Inflation subsides as wages push higher to offset the sharp bite prices took on purchasing power last year. The wage increase in large companies and SMEs was 5.7% between April and July, according to data published this Wednesday by the Tax Agency. An increase that is added to the growth of 5.8% in the first quarter, and that allows improving purchasing power by exceeding the increase in prices, which between January and June was an average of 4%. Construction and real estate activities, manufacture of transport equipment, food and hotels and restaurants are some of the sectors that are growing above average.
“The increase in average gross yield remains high,” says the agency in a note accompanying the data. In fact, it exceeds the closing data for 2022 by more than one and a half points. “In the second quarter the rise was 5.7%, a rate almost identical to that of the first quarter of the year. The intensity of this increase responds to the gradual incorporation into salary reviews of the increases in the general level of prices that have been registered since mid-2021 and, consequently, it is not expected that significant changes will be observed in the rest of the year in this regard,” he added.
The Tax Agency publishes its Statistics on Sales, Employment and Salaries in Large Companies and SMEs for the second quarter of the year only one day after the Ministry of Labor released the data on collective agreements until July 31. The salary increase in the new and revised agreements —an umbrella under which there are nine million employees— has been 3.3%, in this case below the average increase in prices so far this year, which has been 3.8% average. If only newly signed agreements are considered —just over two million— the rise has been around 4.2% in the same period, so there has been a slight improvement in purchasing power.
The total number of wage earners is also growing, in line with the good affiliation and unemployment data. The increase was 3.3% in the first quarter in the companies that are part of the universe of the Tax Agency —the statistic is built from VAT returns and withholdings for work income—, more than one point lower than that registered between January and March. The greatest advance (8.8%) occurred in hotels and restaurants; the largest fall was registered by the extractive industry (-7.4%). In the semester as a whole, the increase in employment is 3.9%.
sales slow down
Total sales of large companies and corporate SMEs, on the other hand, slowed down, reflecting an economy that, both internally and externally, is cooling off. They advanced 1.4% between April and June, 2.7 points below the result of the first quarter of the year, which had “a certain positive bias”, the organization qualifies, due to the impact in 2022 of the strike of carriers in March. In the semester, the rise has been 2.8%, similar to that registered in the final stretch of 2022.

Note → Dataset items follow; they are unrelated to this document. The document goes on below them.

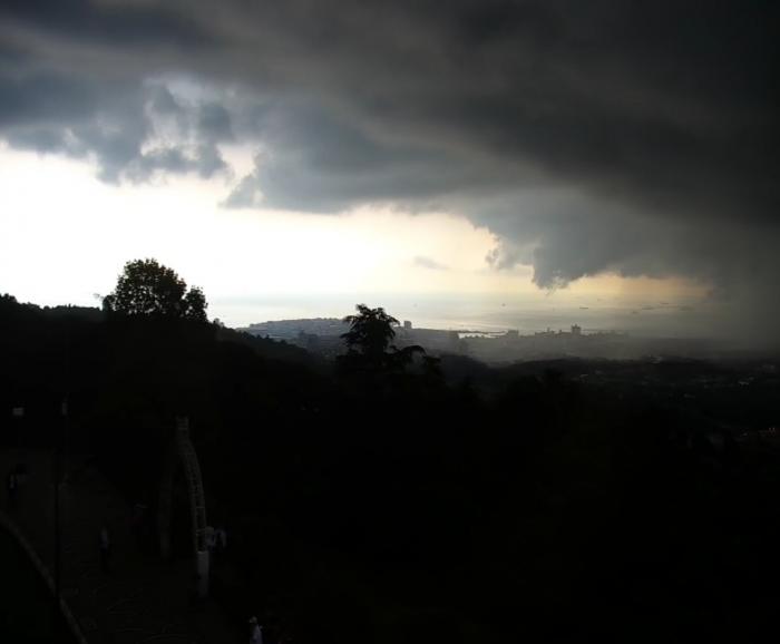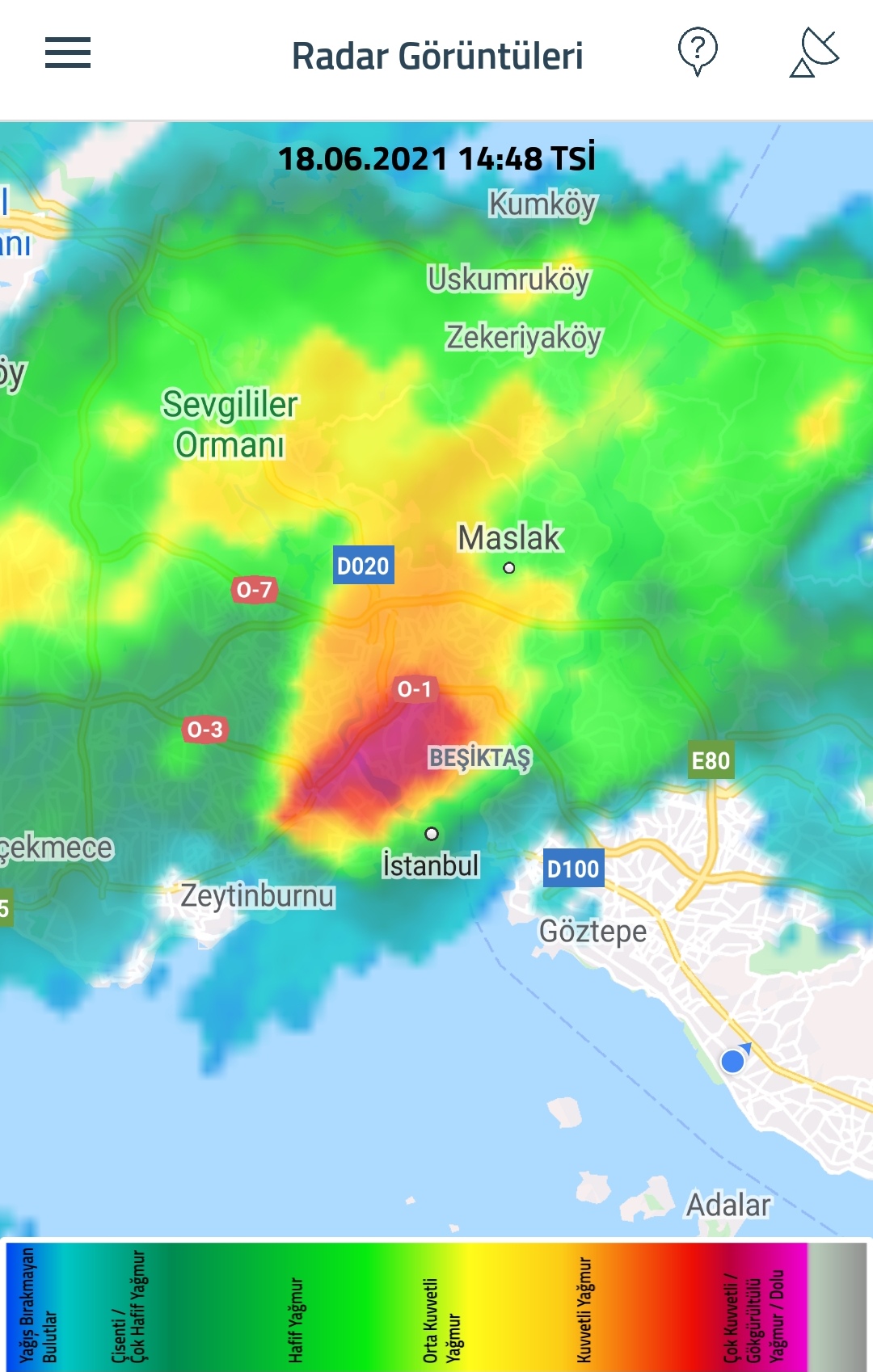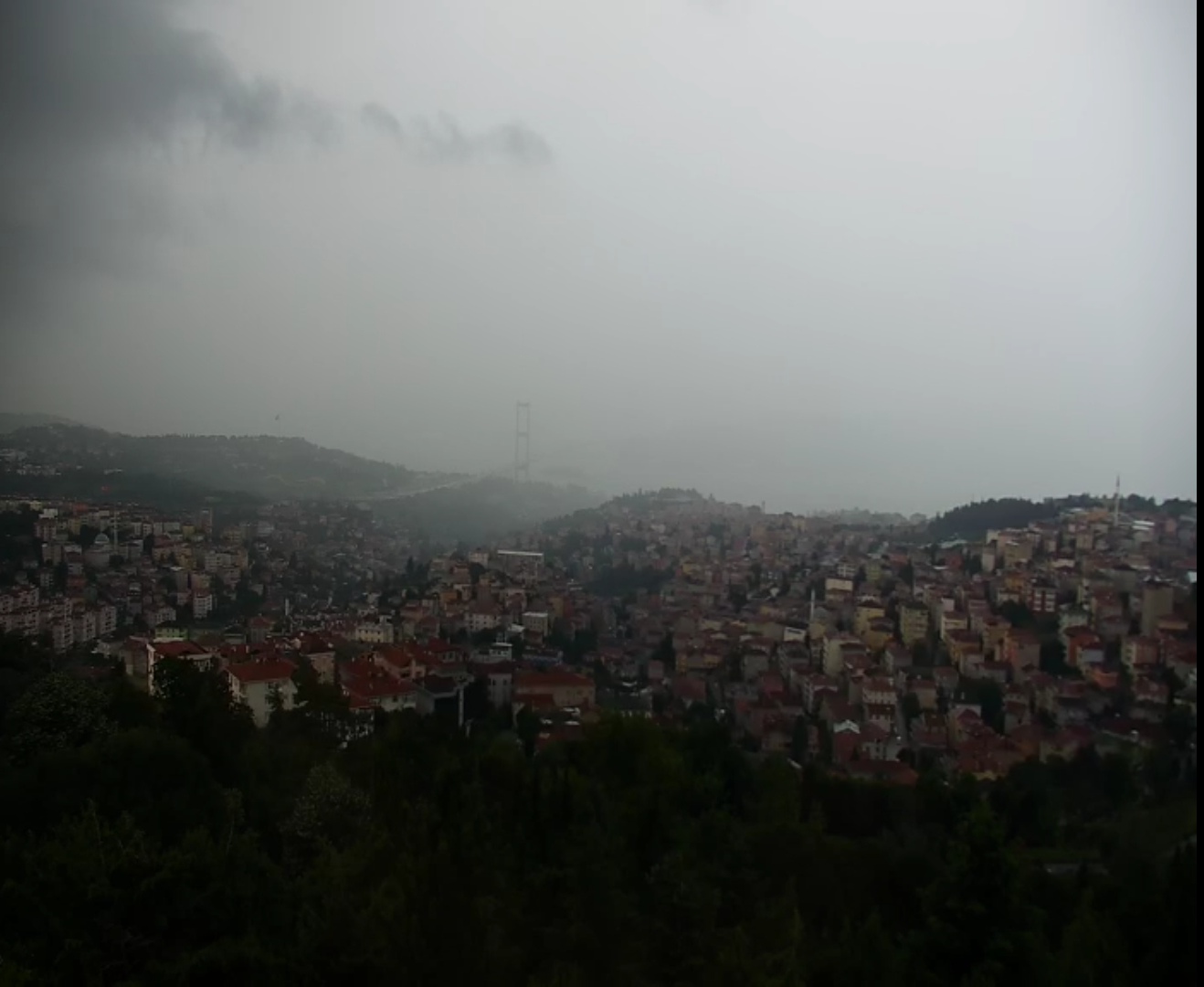 Bugün İstanbul'da oluşan kırmızı ve mor kütle beraberinde havanın kararıp simsiyah olması ve bıraktığı kuvvetli yağıştan Avrupa Yakası gözükmüyor.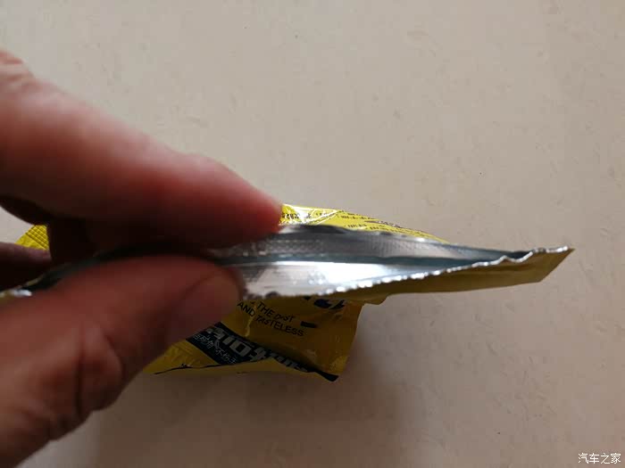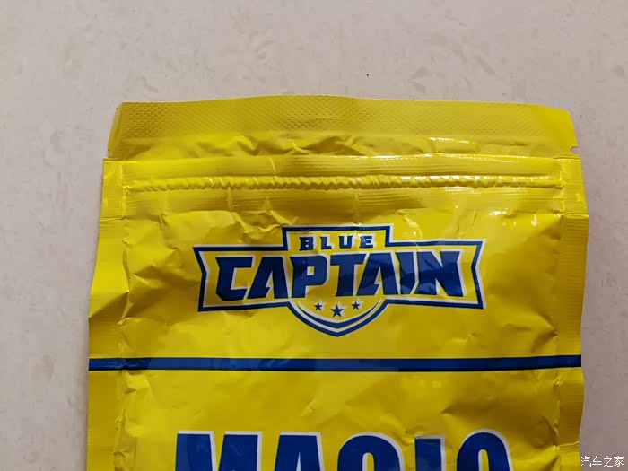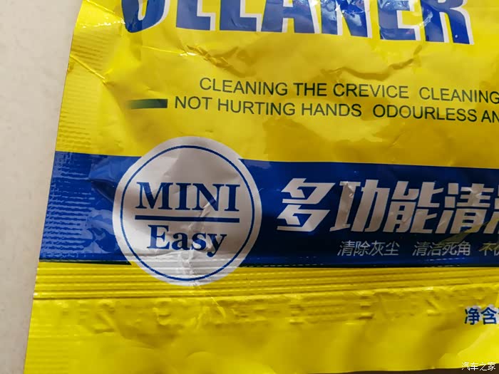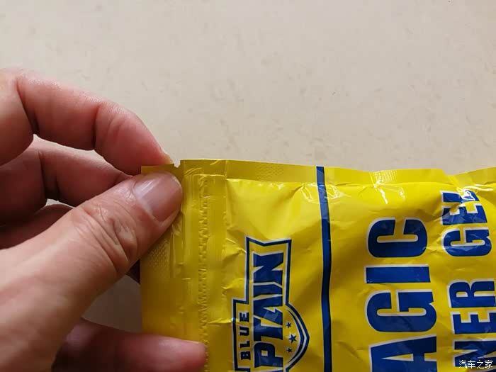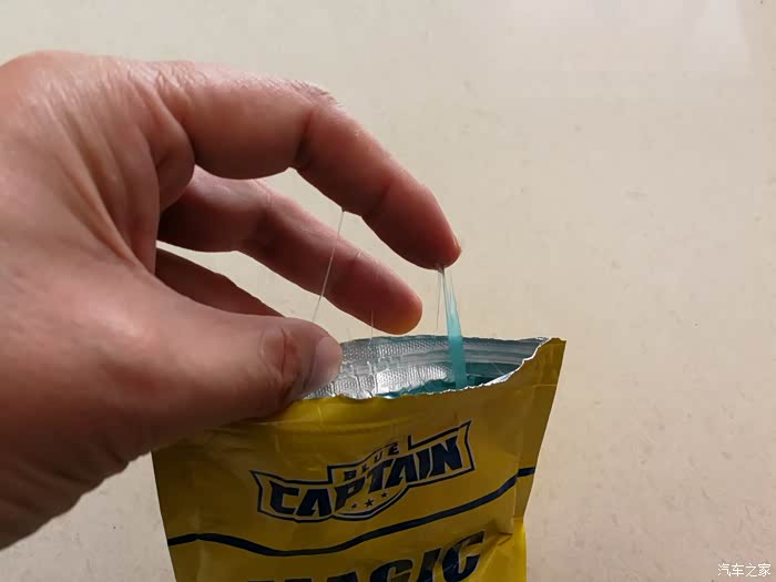 打开密封胶条,可以看到塑料袋内的蓝色多功能清洁软胶。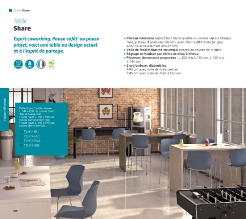 et à l’esprit de partage. > Voile de fond mélaminé structurel assorti au coloris de la table.
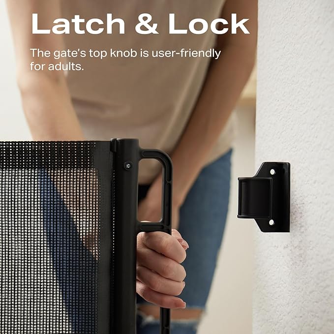 - New Safety Locking: The knob at the top of the mesh gate ensures that the retractable pet gate is easy to use for adults and can be opened and closed with one hand, while curious little ones and pets will not be able to make any naughty bids for freedom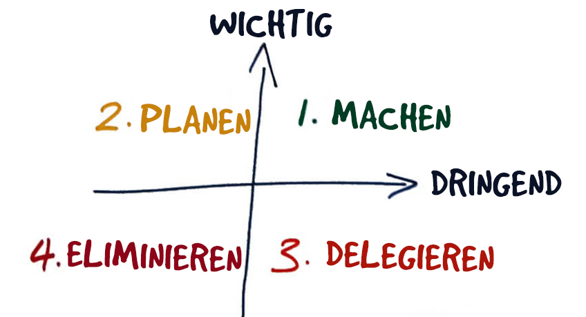 Die Eisenhower-Matrix ist eine Methode des Zeitmanagements, um die Prioritäten von Aufgaben für den Tag festzulegen. Die Matrix besteht aus vier Quadranten, die durch das Zusammenspiel der horizontalen Achse „Wichtig – Unwichtig“ und der vertikalen Achse „Dringend – Nicht dringend“ entstehen.

Domestic sales grew more than exports, but both at a much lower rate than in the previous quarter. The rise was 1.7%, compared to the 3.8% experienced between January and April. The evolution was very varied depending on the sector. Operations linked to consumption moved more slowly (1.4% compared to 5.3% between January and March); Capital sales were maintained (8.8% vs. 8.3% previously), with increases of more than 10% in the category of equipment and software and improvements in construction (+3.6%).
Exports had a more apathetic behavior. They grew only 0.6%, although the increase in the accumulated figure for the year was 3% —in the first quarter they advanced 5.4%—, compared to the double-digit figures of last year. Sales to third countries are the ones that have lost the most ground, with a fall between April and June of 2.9%, which represents the first decrease in two years. Exports to EU partners also slowed down, but did not go negative: they grew by 4.1%, some two points less than the previous quarter. Imports did contract, up to 2.6%, the second quarterly drop in a row.